◆ What the exercise asks
Would you copy the entries that follow exactly, leaving out every picture?

(Data records)

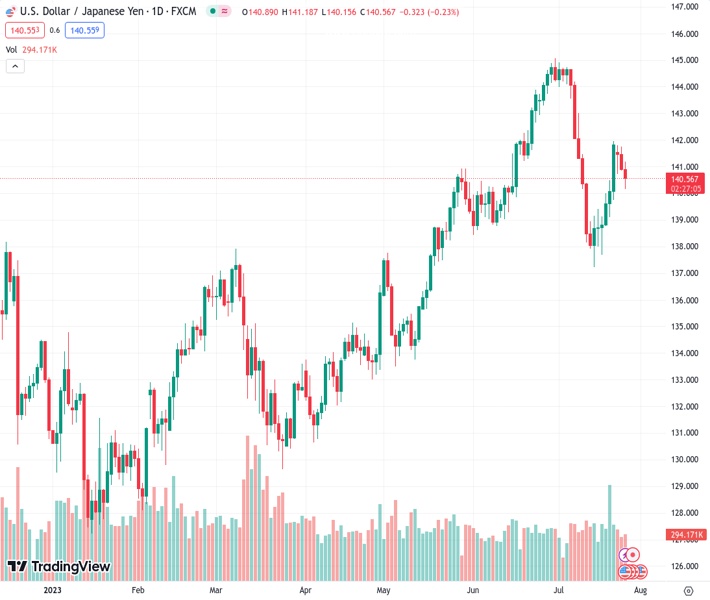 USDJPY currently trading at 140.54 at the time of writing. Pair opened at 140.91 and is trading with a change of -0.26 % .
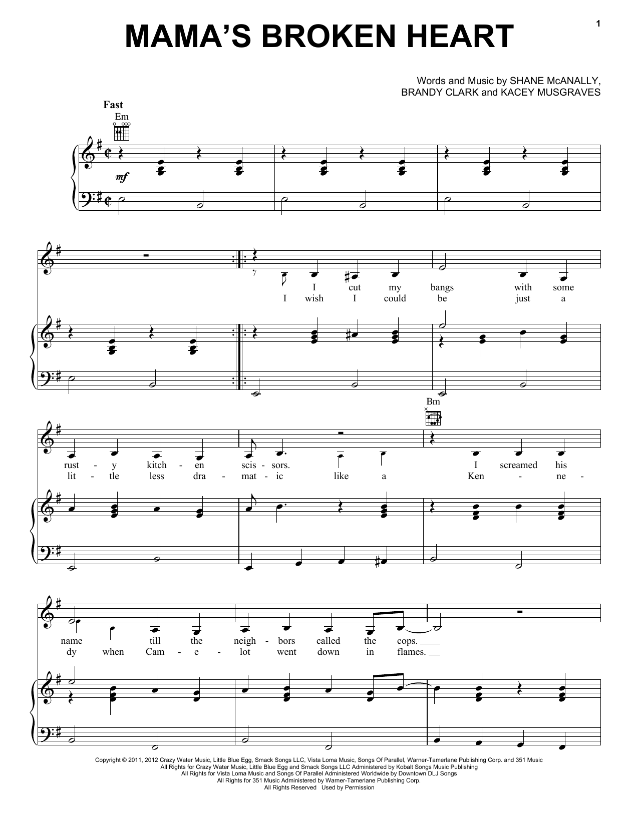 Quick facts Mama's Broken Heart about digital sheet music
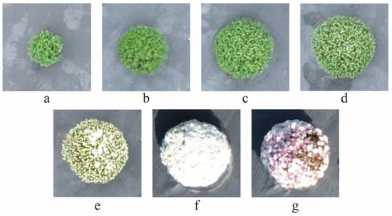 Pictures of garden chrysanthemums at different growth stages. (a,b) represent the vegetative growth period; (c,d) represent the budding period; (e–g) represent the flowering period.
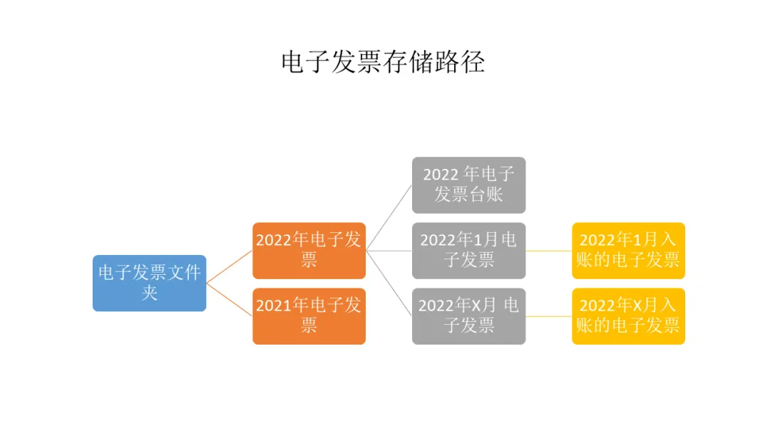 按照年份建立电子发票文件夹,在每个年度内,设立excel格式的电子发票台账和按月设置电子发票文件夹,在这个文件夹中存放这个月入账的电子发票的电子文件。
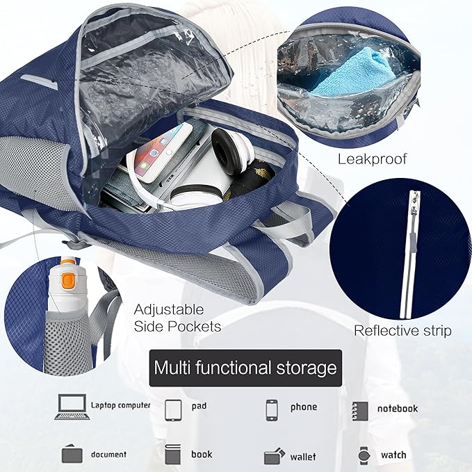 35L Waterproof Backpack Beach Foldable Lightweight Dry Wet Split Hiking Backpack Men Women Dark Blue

◆ Exercise result
 USDJPY currently trading at 140.54 at the time of writing. Pair opened at 140.91 and is trading with a change of -0.26 % .
 Quick facts Mama's Broken Heart about digital sheet music
 Pictures of garden chrysanthemums at different growth stages. (a,b) represent the vegetative growth period; (c,d) represent the budding period; (e–g) represent the flowering period.
 按照年份建立电子发票文件夹,在每个年度内,设立excel格式的电子发票台账和按月设置电子发票文件夹,在这个文件夹中存放这个月入账的电子发票的电子文件。
 35L Waterproof Backpack Beach Foldable Lightweight Dry Wet Split Hiking Backpack Men Women Dark Blue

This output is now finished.